The Ministry of Education of the Government of Manitoba is set to make a major announcement to encourage youth to pursue careers in technology on December 5.

The Ministry, represented by Deputy Minister Dr. Gerald Farthing, as well as the Information and Communications Technology Council (ICTC), along with Google Canada, Cisco Canada and Canada’s Association of IT Professionals (CIPS) will host a launch event in Winnipeg to kick off a major initiative.

The tsunami of education reform is coming our way, and it is coming not from the needs and wants of parents and students. It is coming from the plethora of individuals, private businesses, non-profit lobby groups and corporations who have something to gain.


  1. Awesome work.You know the score. You forgot Ontario! We're even worse. Look at Michael Fullan on Daily Censored.

  2. Great article... like many others, I'm so glad you take the time to explore these issues... two thing stuck out for me, maybe you could provide further thoughts:

    “Canadians would prefer to see a national learning vision founded on Canadian values and principles” (from p.3) -- what Canadian values do you think they are trying to appeal to? It kind of reminded me of how the Harper State appeals to nationalism and the Canadian Way (which they seek to redefine along party lines). On the other hand, how do we define the "needs and wants of parents and students?" Our education system serves many masters, including the global economy, so I suppose it will always be a battleground of values.

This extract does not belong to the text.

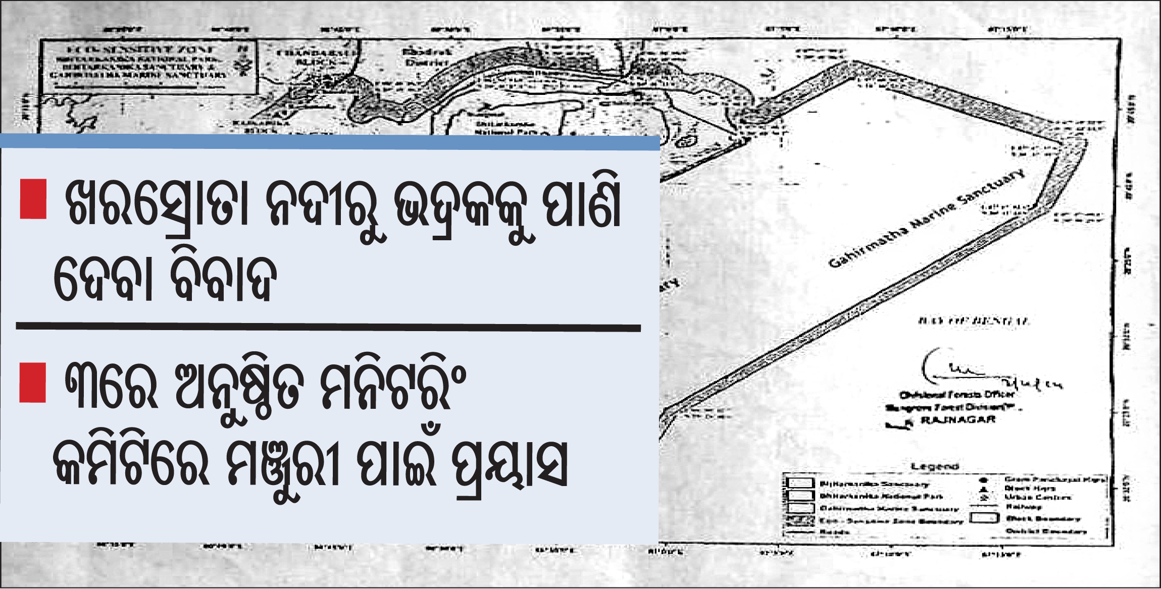 କେନ୍ଦ୍ରାପଡା ଅଫିସ,୩।୧୨:କେନ୍ଦ୍ରାପଡ଼ା ଜିଲା ଜାତୀୟ ଉଦ୍ୟାନ ଭିତରକନିକାର ପରିବେଶ ସମ୍ବେଦନଶୀଳ ଅଞ୍ଚଳ (ଇକୋ ସେନ୍ସିଟିଭ ଜୋନ)ରେ ଯାଉଛି। ଜିଲାର ରାଜକନିକା ବ୍ଲକ ବରୁଣାଡିହାରେ ନିର୍ମାଣାଧୀନ ଖରସ୍ରୋତା ମେଗା ପାନୀୟ ଜଳ ପ୍ରକଳ୍ପ ପରିବେଶ ସମ୍ବେଦନଶୀଳ ଜୋନରେ ଯାଉଛି। ତେଣୁ ଏହି ପ୍ରତିବନ୍ଧକ ଏବେ ଜିଲା ପ୍ରଶାସନର ମୁଣ୍ଡବିନ୍ଧାର କାରଣ ସାଜିଛି। ପ୍ରକଳ୍ପରୁ ଭଦ୍ରକକୁ ପାଣି ଯୋଗାଣ କରିବାକୁ ସରକାର ଚାହୁଁଥିବା ବେଳେ ସ୍ଥାନୀୟ ଅଞ୍ଚଳବାସୀ ଓ ଖରସ୍ରୋତା ନଦୀ ବଞ୍ଚାଅ ସଂଗ୍ରାମ ସମିତି ବିରୋଧ କରୁଛି। ଅନ୍ୟପକ୍ଷରେ ଏହି ଅଞ୍ଚଳରେ ବର୍ଷାଜଳ ସଂରକ୍ଷଣ ପାଇଁ ବ୍ୟବସ୍ଥା କରିବାକୁ କେନ୍ଦ୍ର ସରକାରଙ୍କ ପରିବେଶ, ବନ ଓ ପାଣିପାଗ ବିଭାଗ ୨୦୧୫ ଜୁନ ୧୬ରେ ବିଜ୍ଞପ୍ତି ପ୍ରକାଶ କରିଛନ୍ତି। ଏଥିସହ ବନ, ଉଦ୍ୟାନ କୃଷି, କୃଷି, ପାର୍କ ବ୍ୟତୀତ ଅନ୍ୟ ପ୍ରକଳ୍ପ ଆରମ୍ଭ ପାଇଁ ଏହି ବିଜ୍ଞପ୍ତିରେ ପ୍ରତିବନ୍ଧକ ଅଛି। ନୂତନ ପ୍ରକଳ୍ପ ଆରମ୍ଭ ପୂର୍ବରୁ ପରିବେଶ ଉପରେ ସମ୍ଭାବିତ ପ୍ରଭାବର ବିଜ୍ଞାନ ଭିତ୍ତିକ ବିଶ୍ଳେଷଣ ପରେ ମନିଟରିଂ କମିଟିରେ ମଞ୍ଜୁରୀ ଆବଶ୍ୟକ। ଖରସ୍ରୋତା ନଦୀ ବଞ୍ଚାଅ ସଂଗ୍ରାମ ସମିତି ସହ ପ୍ରଶାସନିକ ଅଧିକାରୀନଙ୍କ ଦୁଇଥର ଆଲୋଚନା ବିଫଳ ହୋଇଛି। ଏବେ ପ୍ରଶାସନ ତରବରିଆ ଭାବେ ପରିବେଶ ସମ୍ବେଦନଶୀଳ ଜୋନ କମିଟିକୁ ଡାକି ଏହାର ମଞ୍ଜୁରୀ ପାଇଁ ଚେଷ୍ଟା ଚଳାଇଥିବା ଜଣାପଡିଛି।

    "There is the promotion of 21st Century “competencies” - a shift from content based curriculum to skill based curriculum." -- why is this a corporate perspective? Do you see an agenda, beyond relevance, to the shift to competencies? I can think of a couple of reasons, but I'm curious to hear your perspective.

    1. Alfie Kohn has a very good book...What does it mean to be educated...that delves into that question. I also think you can look to private schools. Interestingly, parents want, and private schools offer, small classes, solid curriculum based on academics, a variety of well funded arts and sports programs, school trips. They are not nearly so subject to flavour of the day edu-fads. I also think the Charter for Public Education Network...which went through a process of actually asking parents and community members, is a good place to look. Obviously, not one answer to that question.

      But yes...the neo-Liberal vision, Friedman vision...whatever you call it, sees education as primarily job training. The Harper vision is probably even more certainly does contain nationalism and reactionary ideas. Schools have a dual function - they can provide skills and knowledge that enable growth and fulfillment and emancipation but also they indoctrinate to the prevailing viewpoints. Just like religion, this can serve a progressive or a reactionary agenda, depending on the circumstance.

      On competencies...I am just writing my next post on that topic! I will leave it for there.

    2. Looking forward to your next post! I'm interested to see what gets published from the Ministry as a result of their community dialogue on grad requirements. I'd like to walk a group of students through a variety of "expectations" from their community, society, selves, parents, teachers, etc. and have them decide on a set of values they wish to appeal to in their self-assessment. Let's face it, as much as we all teach the same curriculum, the values we usually hold up as curricular goals are often our own. Sometimes that's a good thing.

  3. Your posts make me think! Thank you. I am a transplant from BC into Saskatchewan. I definitely saw this in BC, but I see Saskatchewan following down the same road. The division I am in is adopting a framework from Ken O'Connor, "The Grade Doctor". I was wondering where the Fraser Institute fits into this scenario.